1. How many observations per WBE? Save it as `overview_partridge` as we will use it in challenge 3.

2. How many observations per WBE and type?

3. Order the previous output per n_obs (descending order), wbe (ascending order) and type (alphabetically).

4. For each month, return the wbe with the highest number of observations and report the number of observations for those wbe that month.

---
class: left, top

## Intermezzo - Two-table verbs

Two-table verbs = functions which take two data.frames as input to typically return one data.frame as output. A nice [article](https://dplyr.tidyverse.org/articles/two-table.html) on dplyr website.

![:scale 80%](/assets/images/20230228/20230228_joins_cheat_sheet.png)

---
background-image: url(/assets/images/background_challenge_3.png)
class: left, top

# Challenge 3 - Two-table verbs

After reading the game management units details as `WBE` (code provided):

1. Add WBE details in `WBE` to `overview_partridge` (where available)

2. How are the columns ordered? Are the columns of `overview_partridge` on the left? Try to put them on the right.

3. Which WBEs are not in `partridge`, i.e. are not linked to any observation?

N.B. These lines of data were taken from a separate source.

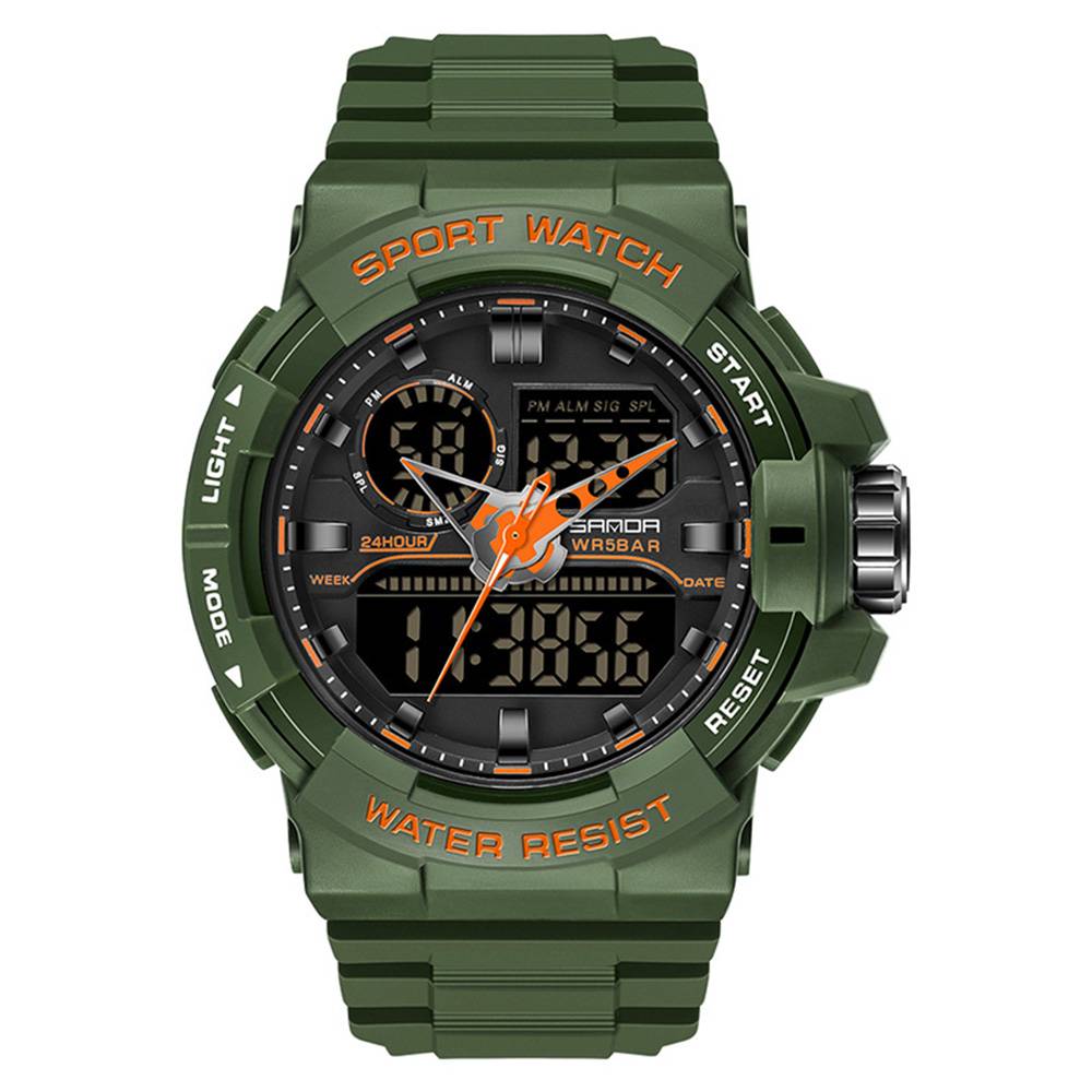 Часы Sanda 6025 Army Green – это стильный и функциональный аксессуар для мужчин, сочетающий в себе современный спортивный дизайн и практичность. Изготовлен из полиуретана, он имеет водонепроницаемость до 50 м, что позволяет использовать его на занятиях водными видами спорта. Кварцевый механизм обеспечивает точность времени, а комбинированный стрелочно-электронный циферблат оснащен функциями будильника, календаря и секундомера. Люминесцентная подсветка позволяет удобно читать показания в темноте. Часы имеют круглую форму корпуса и удобный каучуковый ремешок, что обеспечивает комфорт во время ношения. Размеры часов составляют 52 х 48 мм, их вес – 64 г. Часы доступны в зеленом цвете, что подходит для активных мужчин. Гарантия на изделие составляет 12 месяцев.
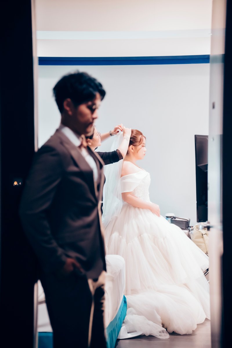 婚禮當天,是雙人雙攝進行。我們不小心拿到很小的房間,克里夫團隊還能在有限的空間找角度拍攝換裝,實在令人佩服。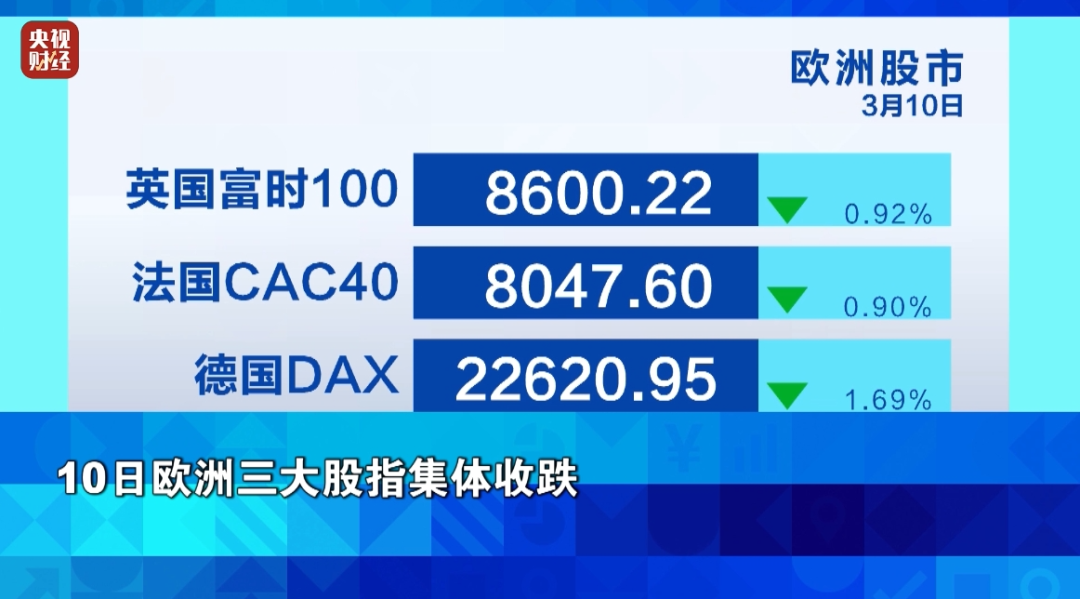 当地时间周一,市场对美国经济衰退的担忧加剧,特朗普和财长言论引发抛售潮,美国三大股指全线收跌。特斯拉股价暴跌超15%,市值蒸发约8000亿美元。高盛下调2025年美国经济增长预期。欧洲三大股指集体收跌,国际油价和国际金价也均下跌。
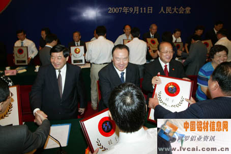 2007年中國名牌產(chǎn)品暨中國世界名牌產(chǎn)品表彰大會在京召開。圖為全國政協(xié)副主席白立忱(中),國家質(zhì)檢總局局長李長江(右)和黨組書記李傳卿(左)為受表彰企業(yè)頒牌。

4. Some observations have a missing value for column `wbe` and some WBEs have no observations at all. Get rid of them while joining.

5. Now, join both again but retain ALL EXISTING WBEs. Set the number of observations equal to 0 for all WBEs where no partridges were observed.

---
class: left, top

# dplyr is a living thing

We said at the beginning that dplyr is actively maintained. There is more! dplyr is actually moving forward to get better and better.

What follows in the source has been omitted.